How Al REALLY feels
Ok… so that pretty much explains it all… he TRIES to be all “calm, cool, and collected” but the reality is, he’s scared, sick, and angry.
Not necessarily in THAT order, but he’s definitely thinking all three of those things at one time or another. And looking at him this evening, at dinner, I’m thinking he’s all three of those at the SAME time today.
I hadn’t really noticed that he was getting that “I’m on chemo, and can’t produce any skin color” look, until I saw the “before and after” videos that he put on the web today. There’s a definite “gray-ness” to him now. He really has been putting forth a monumental effort to make me think he feels better than he really does, but tonight, I think he finally realized that using all his energy to try to pretend that he’s NOT sick, is taking away too much energy from just getting by. I think that right now, he’s got just enough energy to breath, go to the bathroom a couple of times a day, and maybe feed himself. He’s just SO worn out!
And he says it like it’s been unexpected. It’s almost irritating. I know he’s got this “macho” image of himself, that he doesn’t “give in” to illness, but holy cow. This isn’t just your average cold… this is the effects of pumping what amounts to poisons into his blood stream for several hours a couple times a month, and they TOLD us he was going to feel like a wet sock… I just don’t think he believed them.

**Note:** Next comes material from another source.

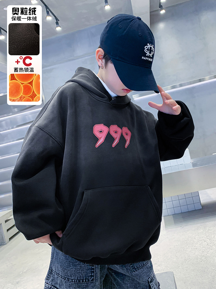소년의 땀 겨울 통합 기모 2024 년 새로운 큰 어린이 겨울 옷 어린이 따뜻한 후드 탑

I love the man, but sometimes, I don’t think he pays real good attention. Or is it just that he has “man ears” when it comes to information. If it’s bad news, he only hears the parts that aren’t so bad, and the rest is just a buzz? Honestly, I’m quite surprised he’s made it as well as he HAS! He really has been a trooper, and I know that every cell in his body is screaming “GIVE UP! GIVE IN!” but he’s fighting it every step of the way, which just makes me so happy. I can’t imagine life without that big goof ball in it. I know I complain sometimes, but wow… I just can’t imagine having to say good bye.
And that’s the beauty of this whole thing. HE can’t imagine life without ME in it either, so he’s fighting to keep going. Before he had Andy, and Ben, and me in his life, I think he might have just rolled over, and let it happen. I don’t mean that to sound arrogant, but it’s true. He’s said it over and over. His friends have told me that, and, well… from everything I know about the man, I’m sure it’s why we met. To get him through this time.
Speaking of which… it was 7 years ago today that he and I spent 13 hours together, talking, and talking, and talking to each other. It felt like 13 minutes, and we spent the whole day together. It was the first time in Ben’s life that I didn’t think about HIM in more than 15 minutes. ‘Twas very traumatic for HIM, but what a wonderful day for Al and I.